Labor Law § 241 (6) imposes a nondelegable duty of reasonable care upon an owner or general contractor to provide reasonable and adequate protection to workers on the premises (see Rizzuto v L.A. Wenger Contr. Co., 91 NY2d 343 [1998]). In order to establish liability under Labor Law § 241 (6), a claimant is required to establish a breach of a rule or regulation of the Industrial Code which gives a specific, positive command (see Singleton v Citnalta Constr. Corp., 291 AD2d 393, 394 [2002]).

*523Here, the claimant alleges that the State violated two provisions of the Industrial Code: 12 NYCRR 23-1.7 (e) and 23-2.1. In opposition to the defendant’s prima facie showing of entitlement to judgment as a matter of law, the claimant failed to raise a triable issue of fact as to whether 12 NYCRR 23-1.7 (e) was violated. The rebar upon which he tripped was an integral part of the construction (see O’Sullivan v IDI Constr. Co., Inc., 7 NY3d 805 [2006]; Stafford v Viacom, Inc., 32 AD3d 388, 390 [2006]; Furino vP & O Ports, 24 AD3d 502, 503-504 [2005]; cf. Laboda v VJV Dev. Corp., 296 AD2d 441 [2002]). Moreover, the claimant failed to raise a triable issue of fact with respect to his reliance on 12 NYCRR 23-2.1. That section of the Industrial Code lacks the specificity required to be a predicate for liability under Labor Law § 241 (6) (see Salinas v Barney Skanska Constr. Co., 2 AD3d 619, 622 [2003]; Fowler v CCS Queens Corp., 279 AD2d 505 [2001]).

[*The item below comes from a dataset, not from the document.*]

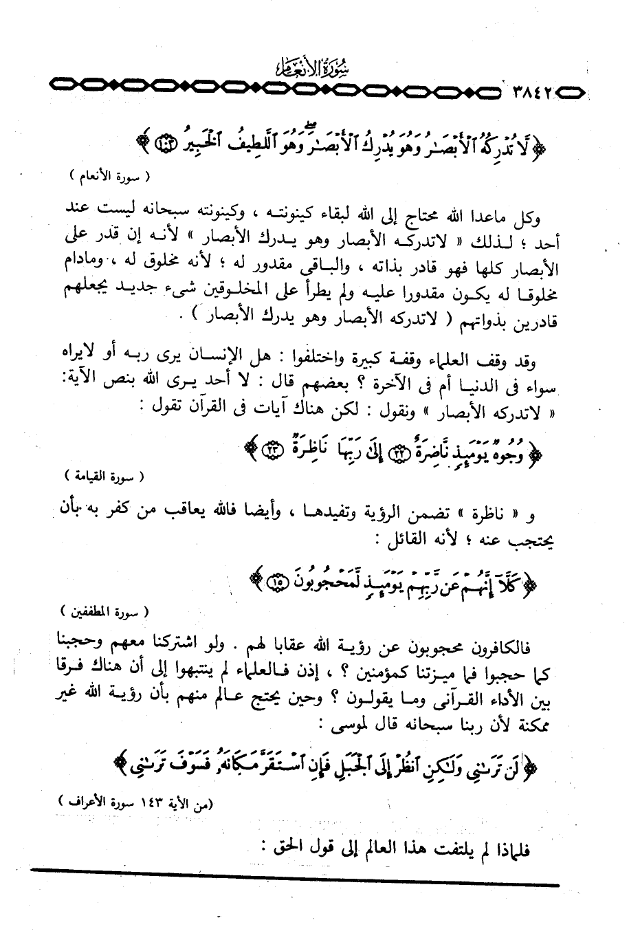 فالكافرون محجوبون عن رؤية الله عقاباً لهم. ولو اشتركنا معهم وحجبنا كما حجبوا فما ميزتنا كمؤمنين؟ ، إذن فالعلماء لم ينتبهوا إلى أن هناك فرقا بين الأداء القرآني وما يقولون؟ وحين يحتج عالم منهم بأن رؤية الله غير ممكنة لأن ربنا سبحانه قال لموسى: {لَن تَرَانِي ولكن انْظُرْ إِلَى الْجَبَلِ فَإِنِ اسْتَقَرَّ مَكَانَهُ فَسَوْفَ تَرَانِي} [الأعراف: 143] .

To be held liable under Labor Law § 200, “when a claim arises out of alleged defects or dangers in the methods or materials of the work, recovery against the owner or general contractor cannot be had . . . unless it is shown that the party to be charged had the authority to supervise or control the performance of the work” (Ortega v Puccia, 57 AD3d 54, 61 [2008]). Here, the defendant submitted deposition testimony demonstrating that it had no authority to supervise or control the performance of the claimant’s work, and the claimant failed to raise a triable issue of fact in opposition. On this basis, the Court of Claims properly granted those branches of the defendant’s motion which were for summary judgment dismissing the Labor Law § 200 and common-law negligence causes of action (id.; see Chowdhury v Rodriguez, 57 AD3d 121 [2008]; see generally Zuckerman v City of New York, 49 NY2d 557, 562 [1980]).

In view of the foregoing, we need not address the claimant’s remaining contention. Spolzino, J.P., Angiolillo, Dickerson and Belen, JJ., concur.